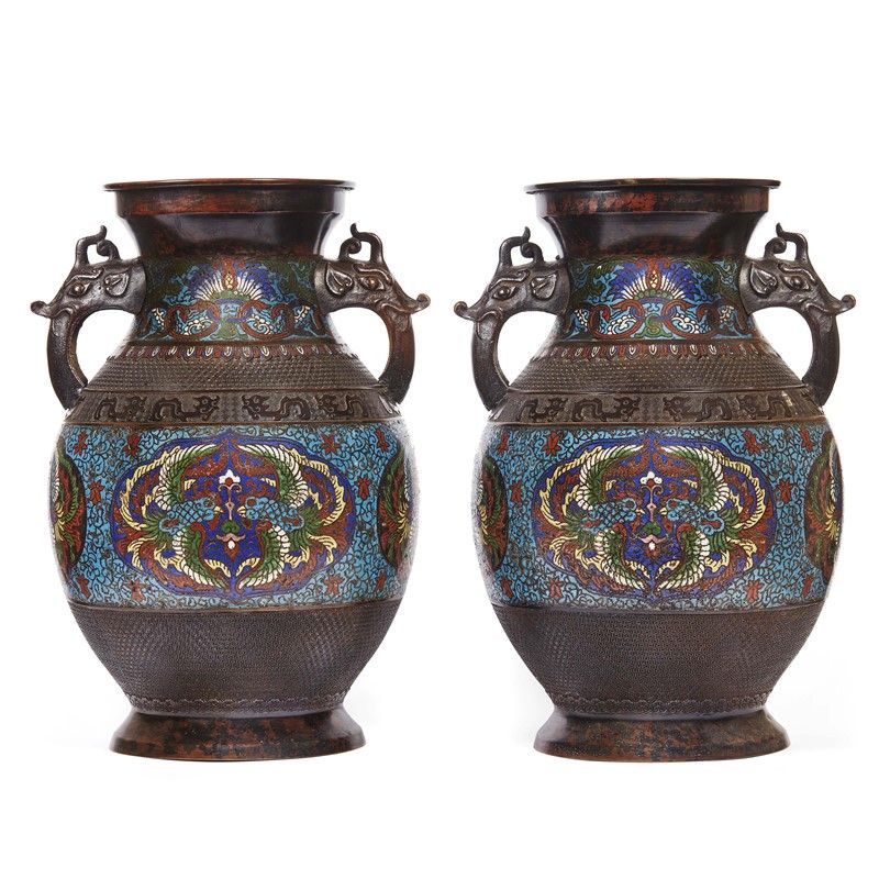 日本 十九世纪 铜胎珐琅瓶一对 高 47,5厘米
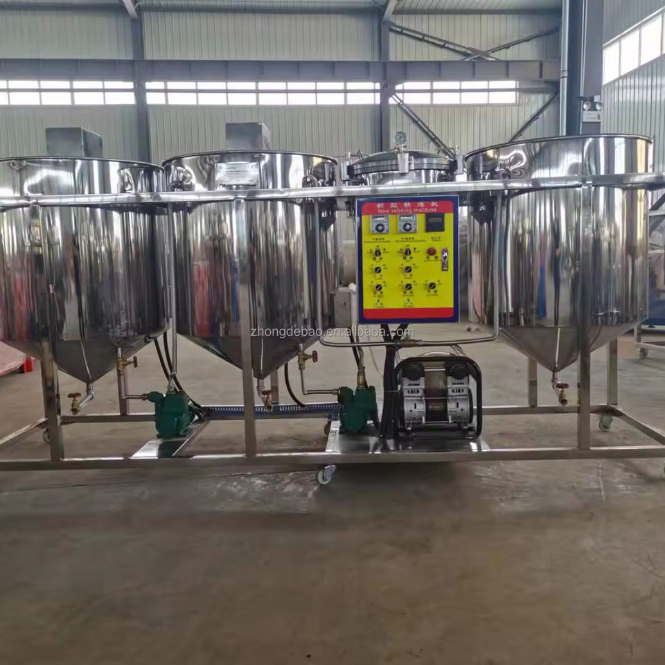 Introducing the Small Scale Edible Oil Refinery Machinery Equipment Oil Refining Machine Palm Oil Refining Machine. This versatile and compact machine is designed for refining various types of edible oils. It is ideal for small businesses looking to produce high-quality oil from raw materials efficiently.
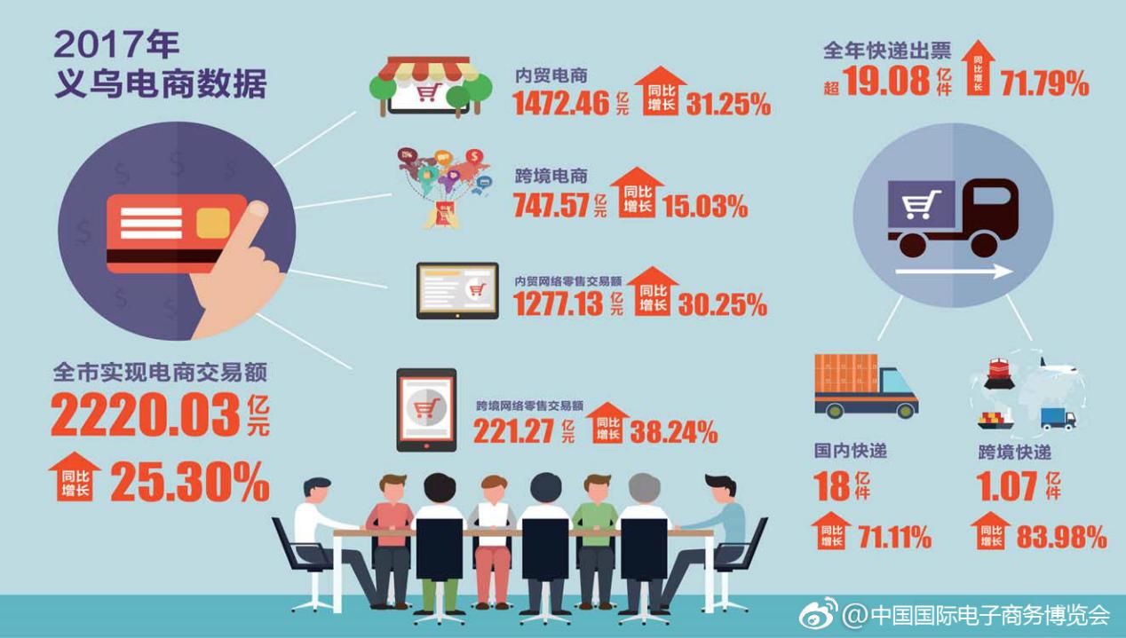 2017年,義烏市實現電商交易額2220.03億元,同比增長25.30%。其中,內貿電商1472.46億元,同比增長31.25%;跨境電商747.57億元,同比增長15.03%。內貿網絡零售交易額1277.13億元,同比增長30.25%;跨境網絡零售交易額221.27億元,同比增長38.24%。
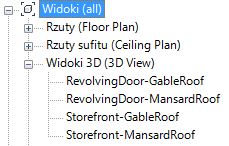 Na przykład nazwy poniższych widoków 3D wskazują warianty projektu, które będą wyświetlane w każdym widoku. (Zobacz rozdział Zmiana nazwy widoku).

» **Required action**
Would you please reproduce verbatim the run of lines that opens the listing and ends with the line holding "Introducing the Small", and only that run, leaving every picture out?

» **Response to this task**
 日本 十九世纪 铜胎珐琅瓶一对 高 47,5厘米
 Introducing the Small Scale Edible Oil Refinery Machinery Equipment Oil Refining Machine Palm Oil Refining Machine. This versatile and compact machine is designed for refining various types of edible oils. It is ideal for small businesses looking to produce high-quality oil from raw materials efficiently.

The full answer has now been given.